Python | Statistical Modelling | Network Analysis

Building a fraud detection and transaction network forensics system using the Elliptic Bitcoin dataset, which contains labelled transaction data (licit vs illicit) together with engineered temporal and structural features. The dataset is modelled as a directed transaction graph, where nodes represent entities and edges represent transfers, allowing analysis of how funds propagate through the network over time.

The project combines statistical modelling and network analysis to identify suspicious behaviour at both the node and subgraph level. Using Python with libraries such as pandas and NumPy for data handling, scikit-learn for classification models, and NetworkX for graph construction and analysis, the work focuses on detecting anomalous transaction patterns, clustering behaviour, and structural signatures associated with illicit activity.

Key objectives include:

  • Identifying high-risk nodes using supervised models trained on known illicit transactions
  • Detecting anomalous patterns through feature distributions, temporal shifts, and network centrality measures
  • Analysing transaction flows to uncover coordinated behaviour, layering patterns, and potential laundering structures
  • Exploring how fraud manifests within local neighbourhoods of the graph rather than isolated transactions

The expectation is that fraudulent activity will not appear as random noise, but as structured behaviour within the network, such as tightly connected clusters, unusual flow patterns, or nodes with disproportionate influence or connectivity. The project aims to bridge statistical inference with graph-based reasoning to better understand how illicit financial behaviour emerges and propagates.

Quantum Computing in Bioinformatics (Internship)

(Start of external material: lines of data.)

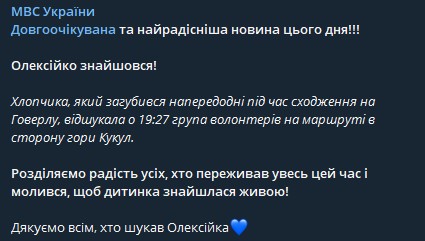 Там рассказали, что ребенок, который потерялся в субботу на Говерле был найден сегодня в 19:27. Его нашли волонтеры на маршруте в сторону горы Кукул.
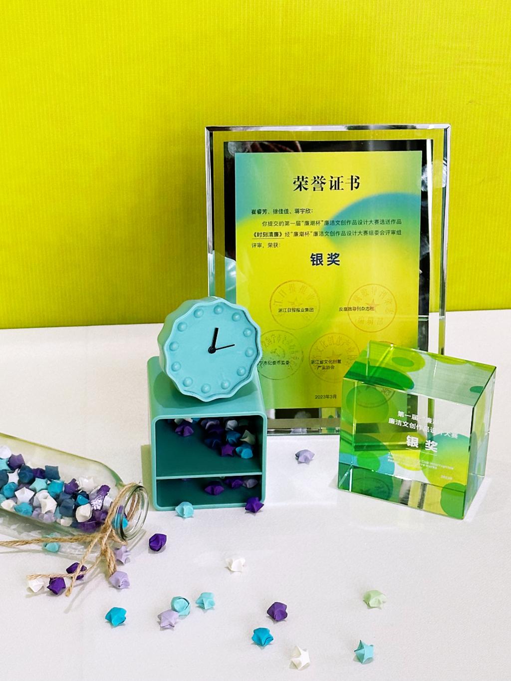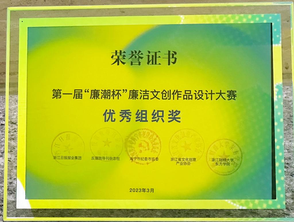 3月17日下午,浙江省首届“廉潮杯”廉洁文创作品设计大赛颁奖仪式及优秀作品展在浙江财经大学东方学院举行,艺术与设计学院学生崔睿芳、徐佳佳、蒋宇欣荣获大赛银奖。台州学院荣获优秀组织奖。
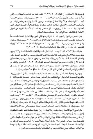 يف سياق فرتة السنتني .ويف الفرتة ،2013 - 2012بلغت قيمة ميزانية هذه البعثات — التي ي�أذن به�ا مجلس األمن و/أو الجمعي�ة العامة — 499,7ملي�ون دوالر .وتغطي امليزانية أيض�ا ً تكاليف برام�ج األمم املتحدة يف مجاالت م�ن قبيل التنمية واإلعالم وحقوق اإلنس�ان والشؤون اإلنسانية .وال تغطي امليزانية العادية عمليات حفظ السالم أو املحاكم الدولية التي ُتعد لها ميزانيات مس�تقلة .ويجري بش�كل منفصل أيضا ً تحدّيد األنصبة املقررة عىل الدول األعضاء يف تكاليف املحاكم الدولية وعمليات حفظ السالم.
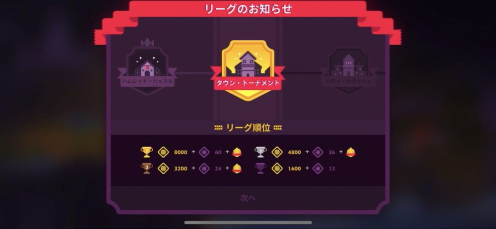 次のリーグは「タウン・トーナメント」だ。リーグ戦終了時にもらえる報酬が表示されている。
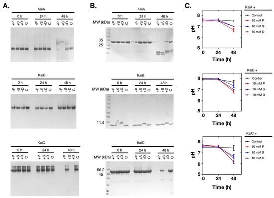 Supposing that the pH change of the solution was coupled with the denaturation of the proteins, we measured the time-dependent changes of the pH values and the proteins. As shown in Figure 3A–C, when the pH value of the solution dropped at 48 h (Figure 3C), both KaiA and KaiC had obvious changes in their oligomerization states and the soluble amounts (Figure 3A,B). However, KaiB was relatively stable. Therefore, these results showed that when the Kai proteins were incubated with polyamines at 30 °C, the pH changes and the denaturation of the Kai proteins were dependent on polyamines, but the protein denaturation was not caused by the pH change of the solution.
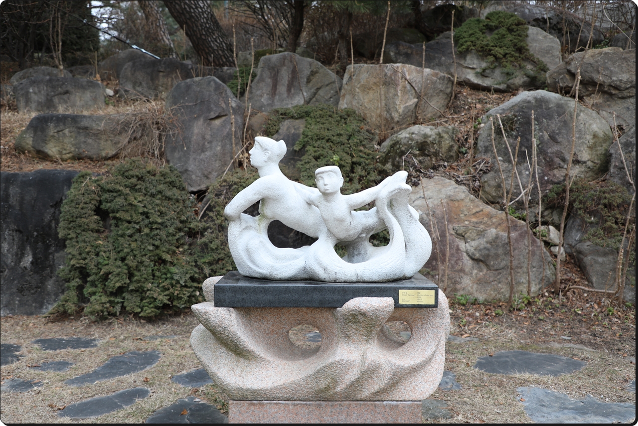<해율海律>은 《제15회 대한민국미술전람회》에서 대통령상을 받은 작품이다. 녹지원에 설치된 이 작품은 대리석의 재질감을 최대한 살려 어머니와 아들이 파도를 타고 있는 형상을 역동적으로 표현하였다.

Qiskit | Optimisation | Scientific Computing | Research

Completed a research internship at the Walter and Eliza Hall Institute of Medical Research, focusing on improving the usability and correctness of a quantum protein-folding model implemented in Qiskit. The work addressed technical and structural issues in a codebase handed down across multiple interns, where poor documentation and incorrect parameterisation limited practical use of the model.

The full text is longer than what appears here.